High-Oleic Canola Oil Eligible for Heart-Healthy Claim

Posted: 11/26/2018

On Nov. 19, 2018, the U.S. Food and Drug Administration (FDA) authorized a qualified health claim that consuming the monounsaturated fat oleic acid in edible oils, such as high-oleic canola oil, may reduce the risk of coronary heart disease. After reviewing available scientific evidence, the FDA now allows the use of the following two claims associating consumption of edible oils containing at least 70 percent of oleic acid per serving and reduced risk of heart disease:

“Supportive but not conclusive scientific evidence suggests that daily consumption of about 1½ tablespoons (20 grams) of oils containing high levels of oleic acid, when replaced for fats and oils higher in saturated fat, may reduce the risk of coronary heart disease. To achieve this possible benefit, oleic acid-containing oils should not increase the total number of calories you eat in a day. One serving of [x] oil provides [x] grams of oleic acid (which is [x] grams of monounsaturated fatty acid).”

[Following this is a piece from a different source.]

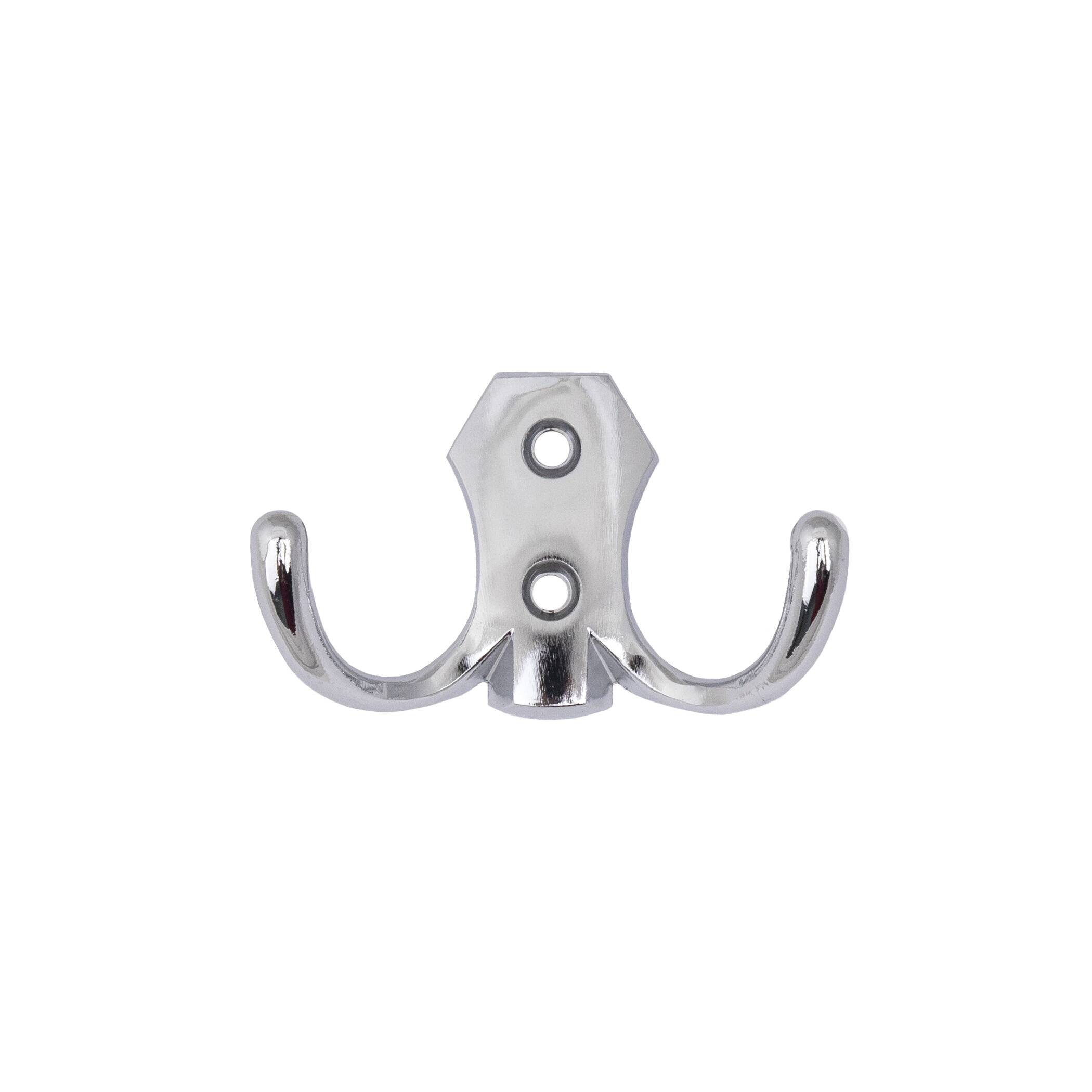 Двухрожковый металлический настенный крючок. Цвет хром. Материал - цинк-алюминий.

“Supportive but not conclusive scientific evidence suggests that daily consumption of about 1½ tablespoons (20 grams) of oils containing high levels of oleic acid, may reduce the risk of coronary heart disease. To achieve this possible benefit, oleic acid-containing oils should replace fats and oils higher in saturated fat and not increase the total number of calories you eat in a day. One serving of [x] oil provides [x] grams of oleic acid (which is [x] grams of monounsaturated fatty acid.”

High-oleic canola oil is currently used mainly in commercial food service operations and food manufacturing due to its higher heat tolerance, greater stability and longer shelf life than regular canola oil.